There are a host of riders that life insurance companies offer. The most popular ones are accidental death and permanent disability riders
How do you increase the life insurance element in a bundled plan? You can do that by buying a term life rider. A rider is an add-on cover to the base policy that provides additional benefits. Life insurance companies offer a range of optional riders that you can buy at an additional premium to suit your needs. Read for more details on riders.
A rider is an optional add-on to a policy, which is explained in the product brochure. So you can buy a rider as long as the product offers you that option. Typically, you need to choose the rider at the time of buying the policy. There are a host of riders that life insurance companies offer. The most popular ones are accidental death and permanent disability riders. Under this, if death of the policyholder occurs due to an accident then, apart from paying the life insurance benefit promised under the base policy, the policy will also pay an additional sum insured as specified in the rider. In case an accident leaves the policyholder permanently disabled, the rider will pay the specified sum insured.

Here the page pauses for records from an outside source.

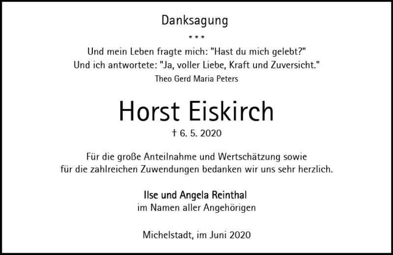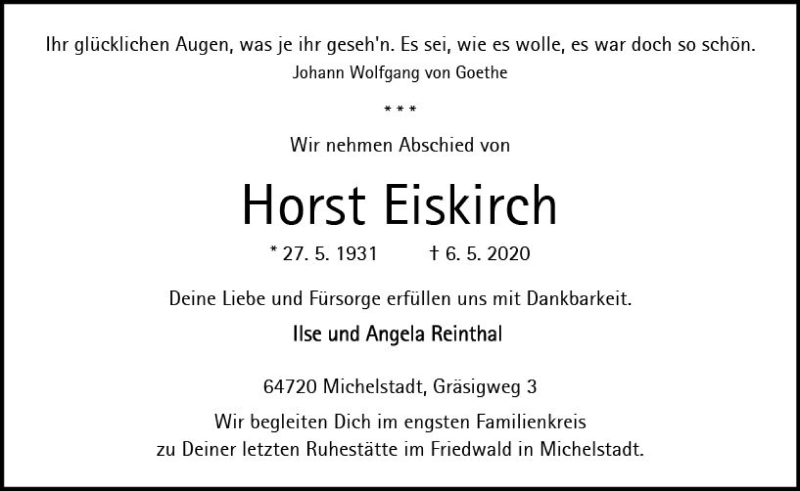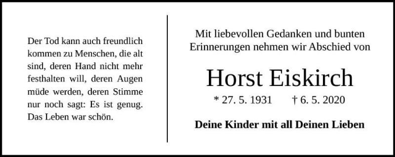 Hier finden Sie alle Traueranzeigen aus der Zeitung, die bisher für Horst Eiskirch erschienen sind. Weitere Traueranzeigen, die in der Zeitung erscheinen, werden hier ebenfalls aufgelistet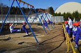 1年生にとっては、堀口小はじめてのブランコ。安全な使用方法をしっかりと確認してからブランコを楽しみました。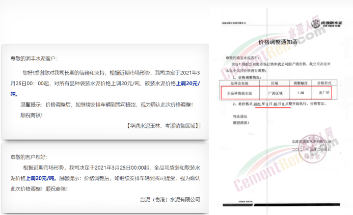 據(jù)了解,日前廣西壯族自治區(qū)華潤、臺泥、路寶水泥等分別通知自3月25日起各品種水泥價格上調(diào)20元/噸。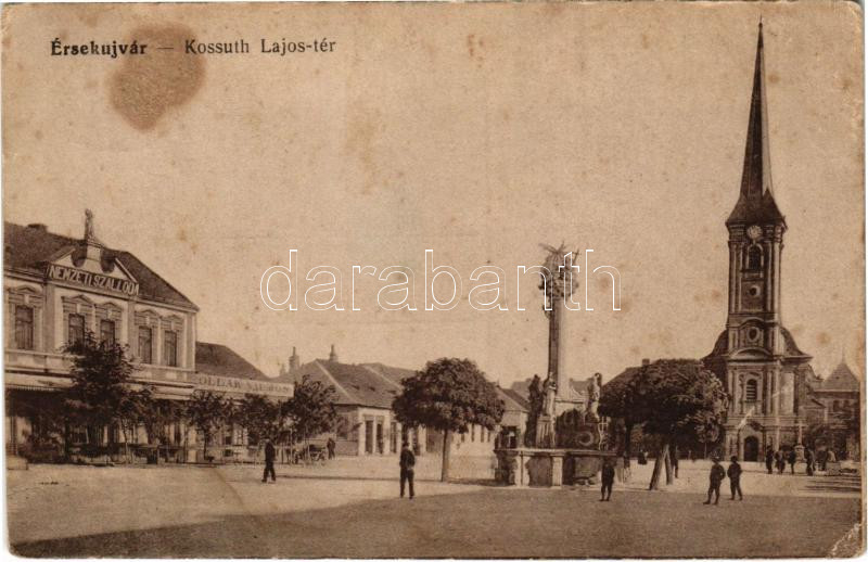 Érsekújvár, Nové Zámky; Kossuth Lajos tér, Szentháromság szobor, templom, Nemzeti Szálloda, Pollák Vilmos üzlete. Vasúti levelezőlapárusítás 178. / square, Trinity statue, church, hotel, shop (Rb)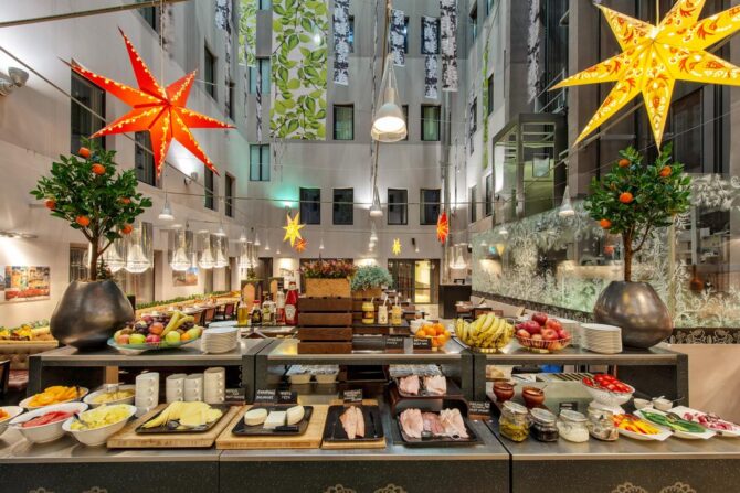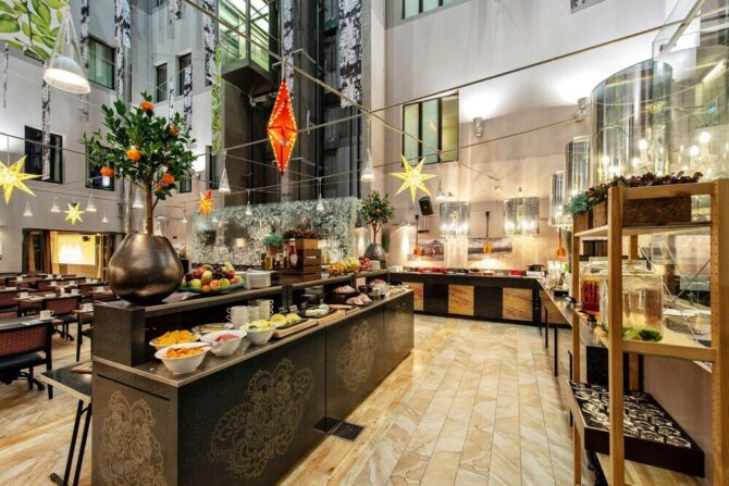 Для гостей отеля «Рэдиссон Соня» открыты двери «Метаморфозы» – роскошного ресторана. Меню включает русские и европейские блюда. Позиции сопровождаются интересными фактами из биографии Ф. Достоевского. Для вегетарианцев разработано отдельное меню. Завтрак подается по системе буфета («шведского стала») или а-ля-карт, когда гости выбирают блюда из предложенных позиций.

Critical illness is also a common rider that pays a lump sum if the policyholder contracts any of the specified critical illnesses. Other than this, a waiver of premium rider is very popular with bundled policies. Under this rider, if an insured person dies during the policy term, the rider funds the future premiums due. Thus, on maturity, the beneficiary is able to receive the maturity benefits as planned. Bundled plans also offer a term insurance rider in order to enhance the insurance cover. A term rider is a term insurance policy that pays the sum assured on death of the policyholder. Keep in mind that since most of these riders are defined-benefit plans, the benefits are fixed against an insured event. Once the rider policy is claimed, the rider terminates; and the base plan continues as per its terms.
Since a rider is attached to a base policy, the insurer gets to save on costs. The benefits of this get passed on to you and you may end up buying a rider a tad cheaper than a standalone policy. A quick check shows that a critical illness rider for a 30-year-old and for a sum assured of Rs10 lakh would cost around Rs3,741. Whereas, a similar stand-alone policy would cost about Rs4,425. The other advantage of a rider is that the premiums remain the same and of course there is convenience of managing just one policy.
Beware of the caveats. Do go through the rider benefits in detail and compare them with a stand-alone policy to understand the coverage, a lower premium in a rider could also be due to a less comprehensive coverage. Also, keep in mind that since it’s a rider policy, it will only continue till such time that the base policy is in force. So, if you choose to surrender the base policy, you will have to forgo your rider benefits too. Also, the coverage of the rider is limited as per regulations. As per the rules, the premium of health related riders can’t be more than 100% of the premium under the basic product and premiums of all other riders put together can’t be more than 30% of the premium under the base policy. Also, any benefit from the rider cannot exceed the sum assured under the base policy.